Description of the task: For this exercise, retype each line of the material below verbatim and omit any picture.

Dataset extract:
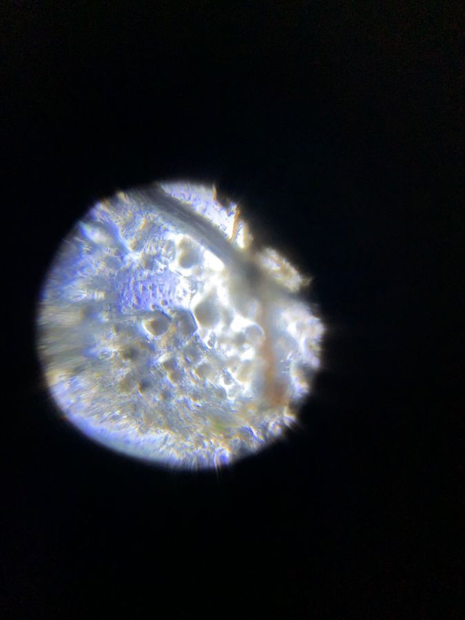 This picture was taken through a foldscope. The picture shows more swamp water which was acquired from around the Bay Area near Stanford University. In this sample, many plant microbes were visualized. The sample in the picture was prepared by using a normal glass slide with a cover slip. In order to prevent the sample from being destroyed tape was used in order to create a chamber. The light source illuminating the sample originated from the light which came from the foldscope kit. The picture itself was taken by placing an iPhone XS camera against the lens. When taking the picture, the magnets would interfere with the mechanisms in the camera. This would attribute to some of the blurriness seen in the photo. In the sample, many plantlike microbes are seen. They look very similar to spores There were many of them dispersed throughout the sample. It is hard to tell for sure what the identity of these microbes are, however, it is suspected that they could be some sort of fungus or fern.
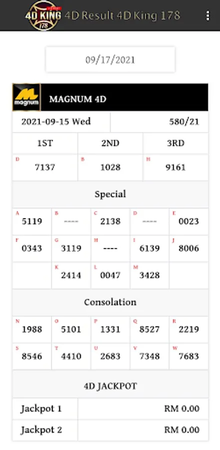 This All 4D live draw result.This apps application DO NOT provide any service to facilitate or even promoting online gambling. This application is simply an application where you can check the latest draw results for the registered and licensed lottery draws available in Malaysia, Singapore & Cambodia.
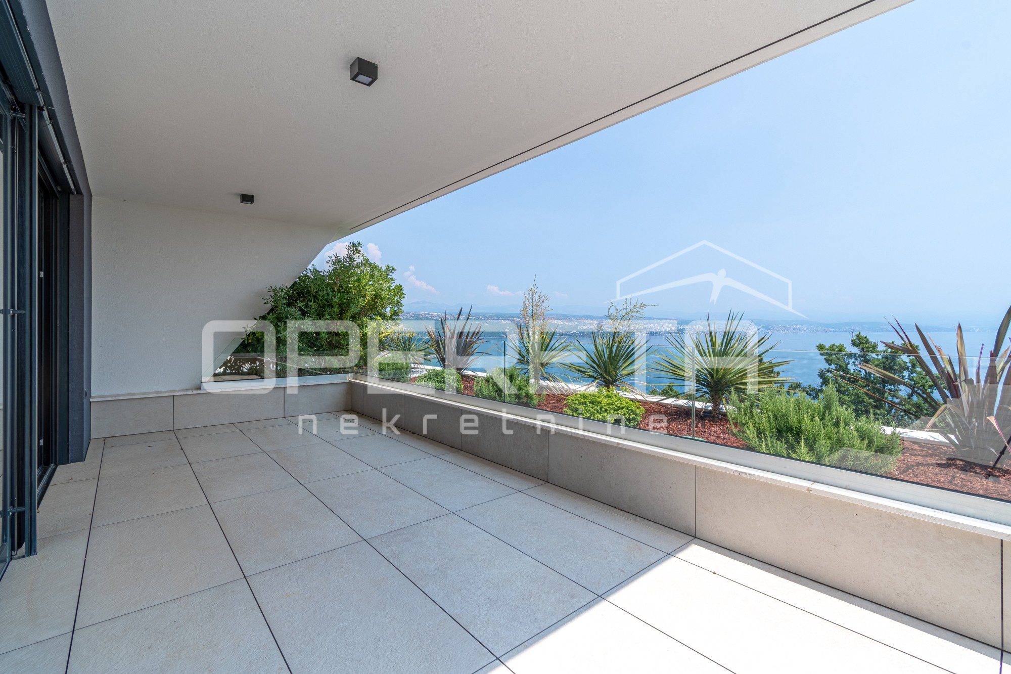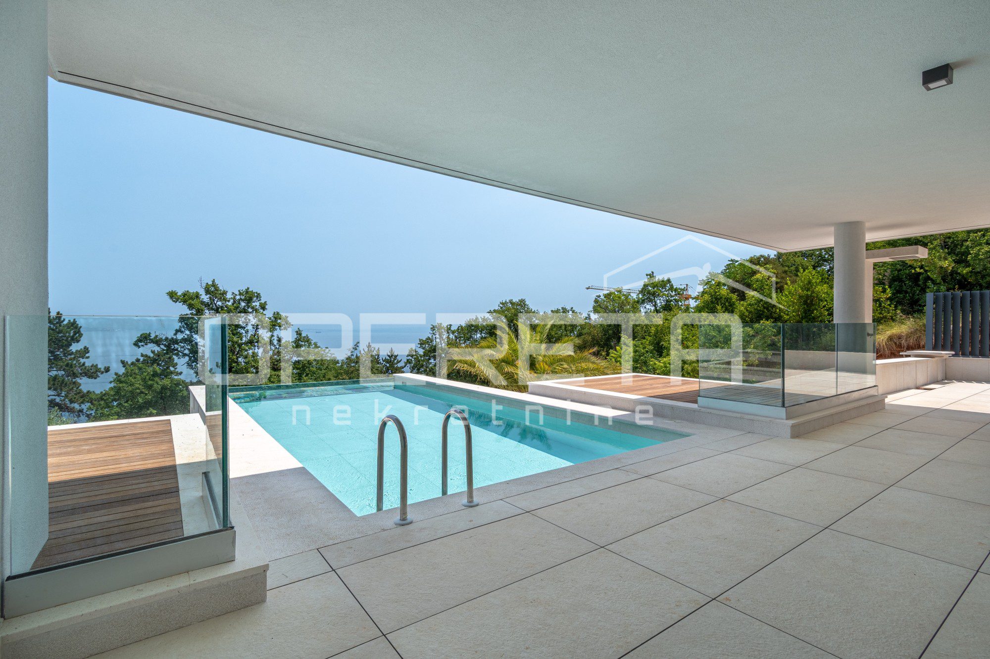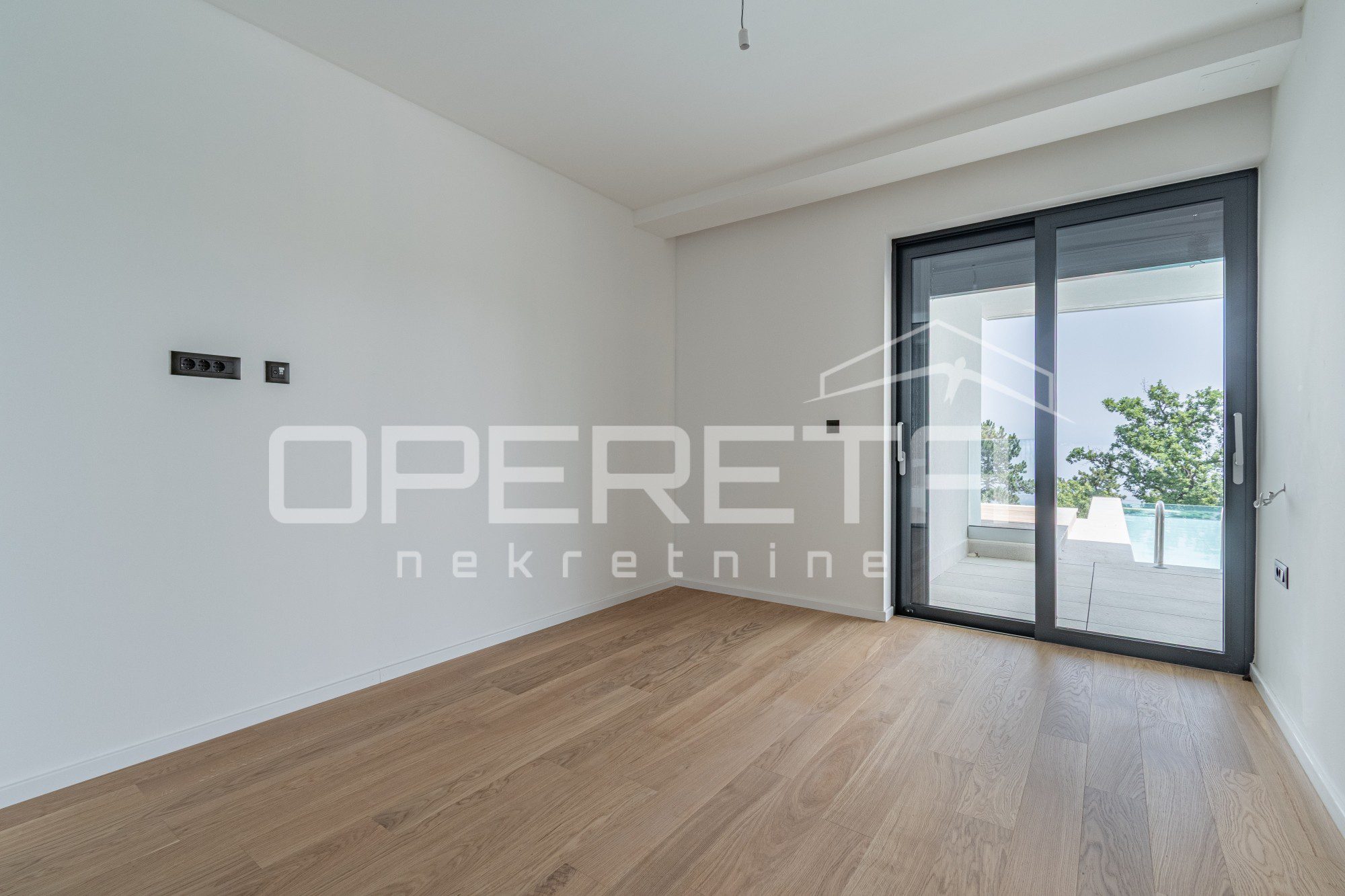 Vanjski prostor dodatno obogaćuje kvalitetu života: natkrivene i nenatkrivene terase i balkoni ukupne površine 45,91 m², kao i privatna okućnica površine 112 m², savršena za opuštanje i boravak na otvorenom. Poseban dragulj ove nekretnine je grijani bazen s protustrujnim sustavom veličine 22 m², okružen sunčalištem i bujnom mediteranskom vegetacijom, što stvara osjećaj vlastite oaze mira.

Answer to this task:
 This picture was taken through a foldscope. The picture shows more swamp water which was acquired from around the Bay Area near Stanford University. In this sample, many plant microbes were visualized. The sample in the picture was prepared by using a normal glass slide with a cover slip. In order to prevent the sample from being destroyed tape was used in order to create a chamber. The light source illuminating the sample originated from the light which came from the foldscope kit. The picture itself was taken by placing an iPhone XS camera against the lens. When taking the picture, the magnets would interfere with the mechanisms in the camera. This would attribute to some of the blurriness seen in the photo. In the sample, many plantlike microbes are seen. They look very similar to spores There were many of them dispersed throughout the sample. It is hard to tell for sure what the identity of these microbes are, however, it is suspected that they could be some sort of fungus or fern.
 This All 4D live draw result.This apps application DO NOT provide any service to facilitate or even promoting online gambling. This application is simply an application where you can check the latest draw results for the registered and licensed lottery draws available in Malaysia, Singapore & Cambodia.
 Vanjski prostor dodatno obogaćuje kvalitetu života: natkrivene i nenatkrivene terase i balkoni ukupne površine 45,91 m², kao i privatna okućnica površine 112 m², savršena za opuštanje i boravak na otvorenom. Poseban dragulj ove nekretnine je grijani bazen s protustrujnim sustavom veličine 22 m², okružen sunčalištem i bujnom mediteranskom vegetacijom, što stvara osjećaj vlastite oaze mira.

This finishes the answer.